[HOW TO COMPLETE THIS TASK] Exact copies of all the lines below are required, with the pictures omitted.
--- TASK MATERIAL ---
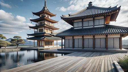 Japanese Zen Garden with Lake and Pavilion., generative AI
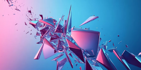 AI Generated. Shattered Glass with Pink and Blue Gradient Background
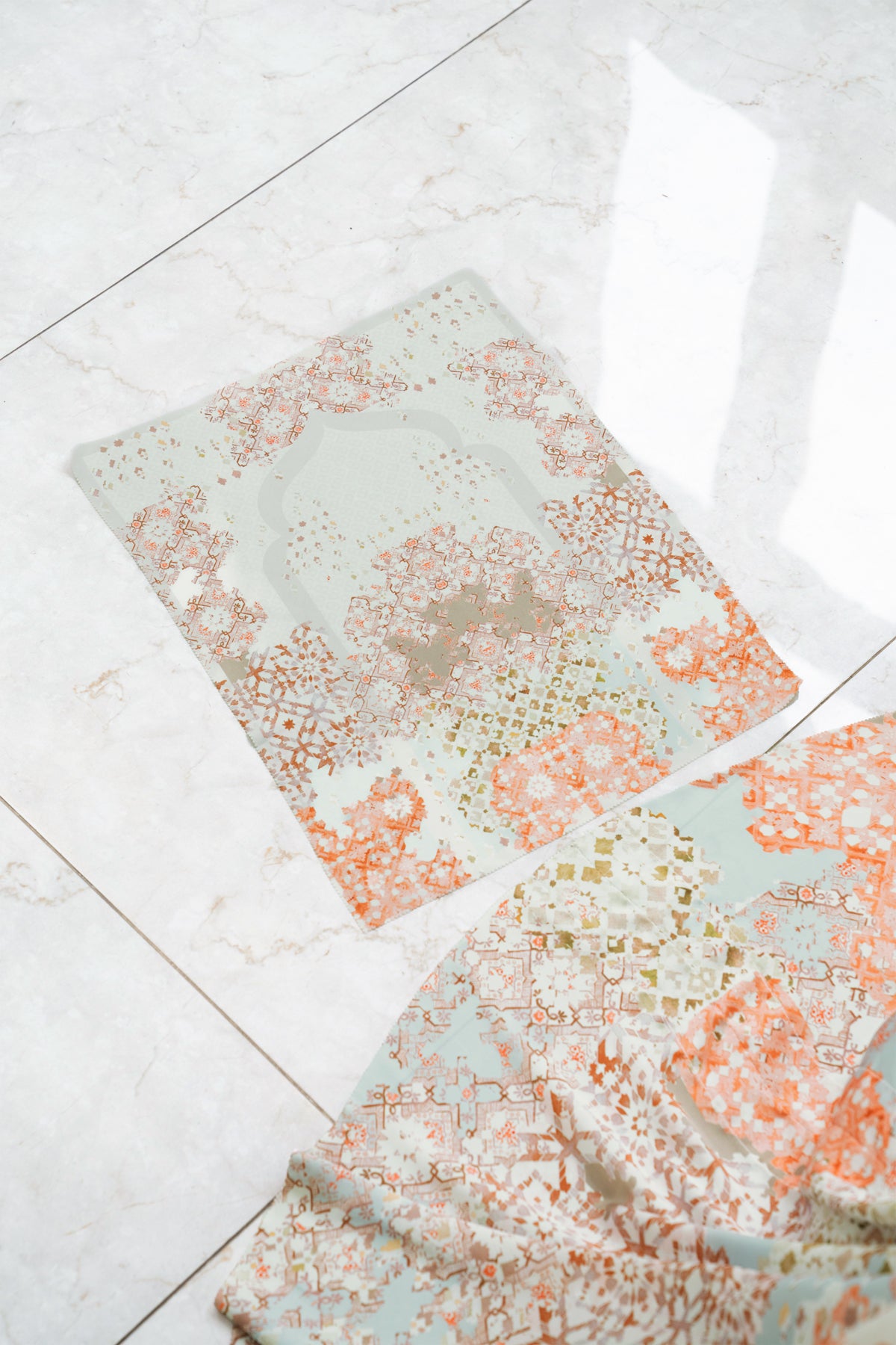 Inspired by the soul of Morocco and the timeless beauty of zellige tiles, each piece is designed with intricate geometric patterns and calming earthy tones. It offers ease in worship while carrying an elegant harmony that reflects both beauty and devotion.
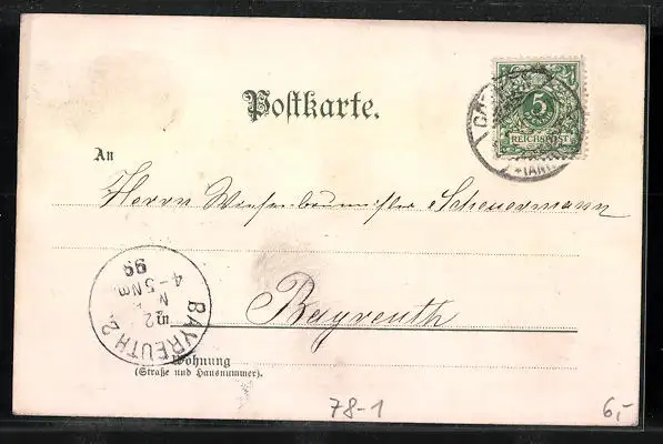 alte Ansichtskarte, gelaufen 1899, Stempelspur, guter Zustand
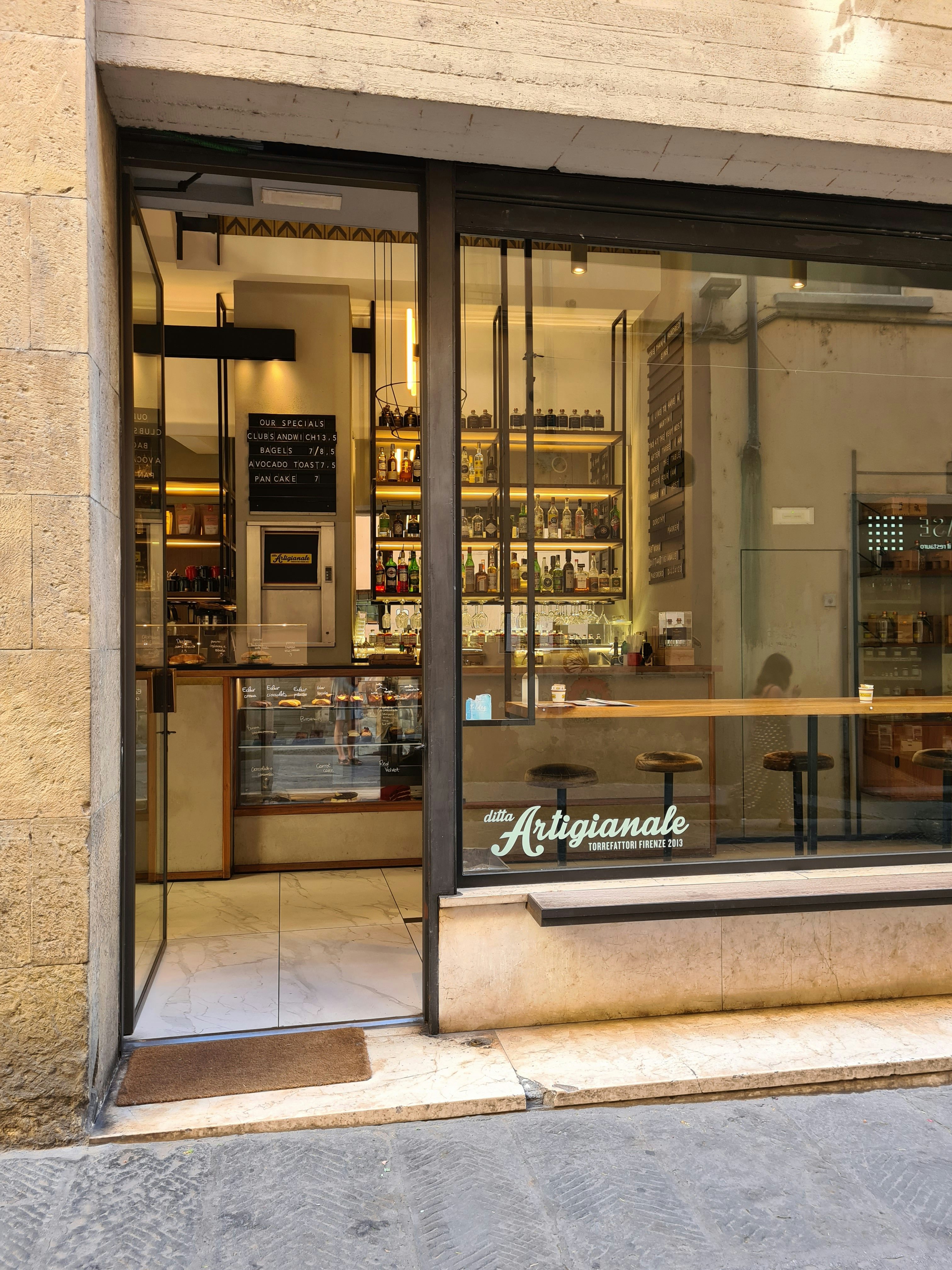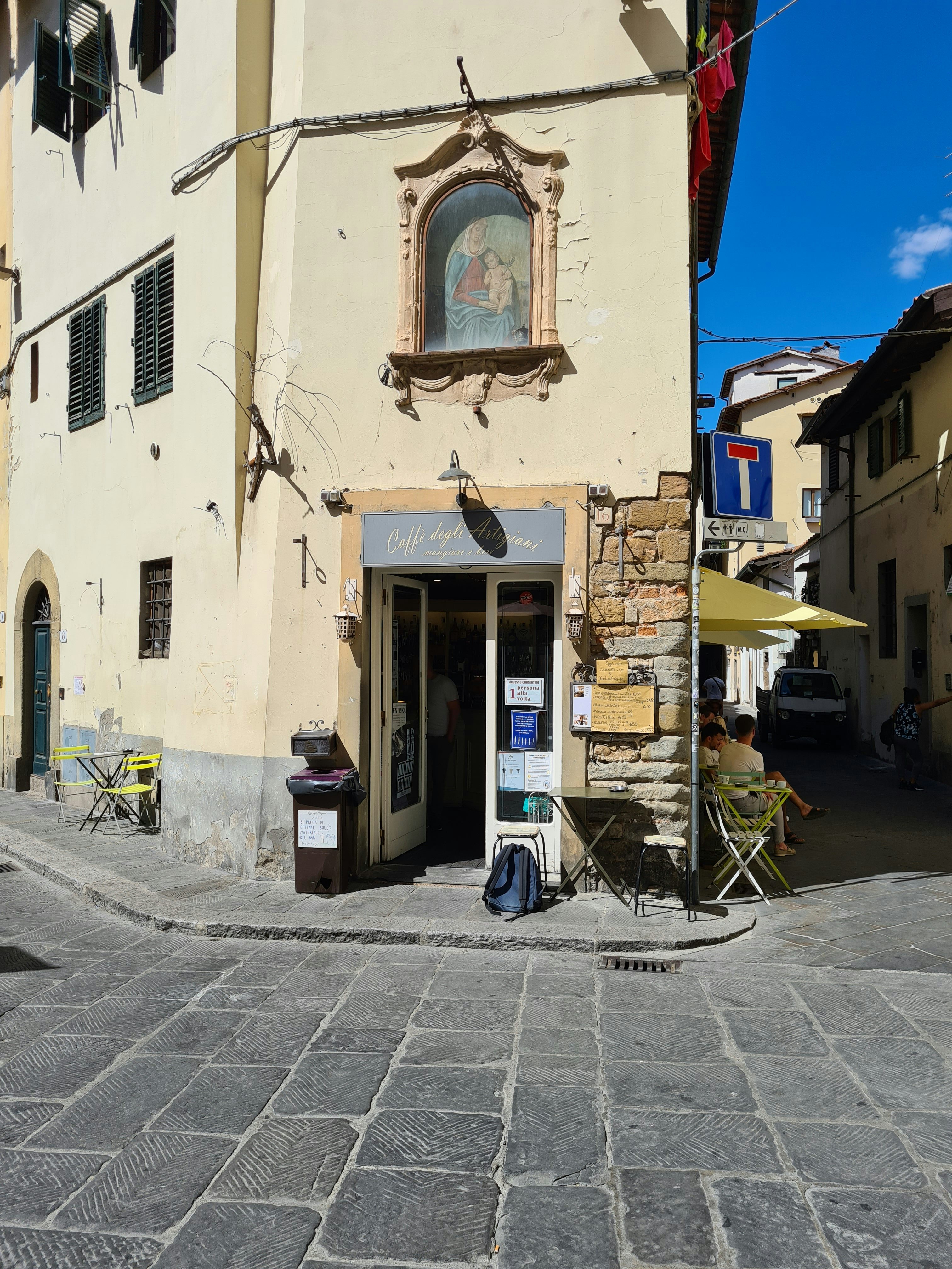 Wenn ihr beim Kaffeegenuss draußen sitzen und Menschen beobachten wollen, ist die Bar d'Angolo mein Favorit – abends könnt ihr hier auch Aperitivo abhalten. Wenn ihr Lust auf einen richtig guten Flat White, einen kühlen Cold Brew oder einen fantastischen Coffeemisù, eine Mischung aus Kaffee und Tiramisù, habt, dann besucht unbedingt eine der drei Florentiner Filialen der Ditta Artigianale. Die Rösterei hat außerdem leckere Snacks und Erfrischungen im Angebot, mit denen ihr euch den Tag versüßen könnt.
---
[SOLVED EXERCISE]
 Japanese Zen Garden with Lake and Pavilion., generative AI
 AI Generated. Shattered Glass with Pink and Blue Gradient Background
 Inspired by the soul of Morocco and the timeless beauty of zellige tiles, each piece is designed with intricate geometric patterns and calming earthy tones. It offers ease in worship while carrying an elegant harmony that reflects both beauty and devotion.
 alte Ansichtskarte, gelaufen 1899, Stempelspur, guter Zustand
 Wenn ihr beim Kaffeegenuss draußen sitzen und Menschen beobachten wollen, ist die Bar d'Angolo mein Favorit – abends könnt ihr hier auch Aperitivo abhalten. Wenn ihr Lust auf einen richtig guten Flat White, einen kühlen Cold Brew oder einen fantastischen Coffeemisù, eine Mischung aus Kaffee und Tiramisù, habt, dann besucht unbedingt eine der drei Florentiner Filialen der Ditta Artigianale. Die Rösterei hat außerdem leckere Snacks und Erfrischungen im Angebot, mit denen ihr euch den Tag versüßen könnt.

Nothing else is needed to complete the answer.